Однако чтобы справиться с невестинской лихорадкой, она не нашла ничего лучше, чем провести день в кладовых и амбарах, проверяя, не нагадили ли мыши в муку, с видимостью смысла переставляла на полках чуланов банки со специями, перекладывала в окованных сундуках белье и одежду, отдушенные луговыми травами. Лелеяла собственные нерешительность и трусость, пока горничные сбивались с ног, готовя ей на завтра расшитое выходное платье.
И когда день приблизился к своему завершению, позолотев и приготовившись обратиться в фиалковый вечер, оказалось, что спряталась она вполне удачно.
Заминка вышла только одна: чтобы вернуться в девичий терем, следовало миновать двор, где оба принца в окружении неизменной горластой ватаги своими средствами сражались с собственным предсвадебным мандражом.

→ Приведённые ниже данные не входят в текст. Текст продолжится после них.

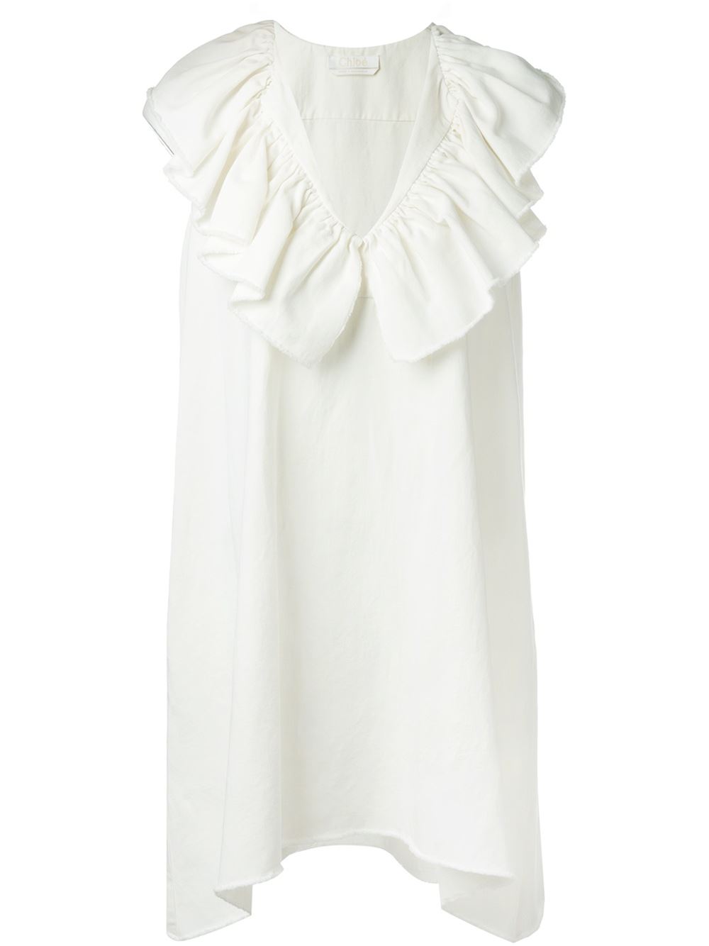 - Chloé 牛奶白色 棉质与亚麻混纺 荷叶领连衣裙。 V领, 宽松, 伞状设计, 磨损边, 无袖设计, 长度不对称。

Привычным мужским способом, отчасти в глубине души презираемым Имоджин. Обнаженные по пояс, они опять схватились на мечах.
Кто-то из молодых дружинников топтался и кружил подле, попарно, занятый тем же самым, но в большинстве своем народ за долгий летний день пыл уже поутратил и утомился, ожидая, покуда им разрешат разойтись и приступить к празднованию завтрашних событий. Добрый человек, как известно, за неделю пьян. Похоже, силы оставались только у этих двоих. Судя по себе, Имоджин рискнула предположить, что это играет в их жилах предсвадебный кошмар. Возгласы зрителей подсказали, что на бойцов сделаны ставки, но, как бы там ни было, она собиралась проскользнуть мимо незамеченной.
Ей это почти удалось.
Звон, удар, звук падения, чуть слышное сквозь зубы поминание черта… Единогласный разочарованный вздох: видно, большая половина зрителей рассталась со своими денежками.
— Имодж, постой!
Ну, не бежать же в самом деле. Ойхо, подняв с земли меч, а с бревен-скамеек — тунику, и вытираясь ею на ходу, спешил к ней. Проиграл, кольнула мысль. Из-за нее. Отвлекся. Она знала Олойхора с детства. Проиграть даже ради нее… этим можно пренебречь, но не заметить этого нельзя. Ким в стороне, не глядя на обоих, вытирался и одевался. Все остальные бесстыдно глазели. Лакомый кусок, услышала она. Девка в самом соку. В лучшей поре.
— Ну, — спросила она, — чего?
Сделала шаг назад, чтобы оказаться вне сферы его волнующего запаха, и уперлась спиной в бревенчатую стену. Словно не заметив, а может — не поняв, Олойхор надвинулся вновь.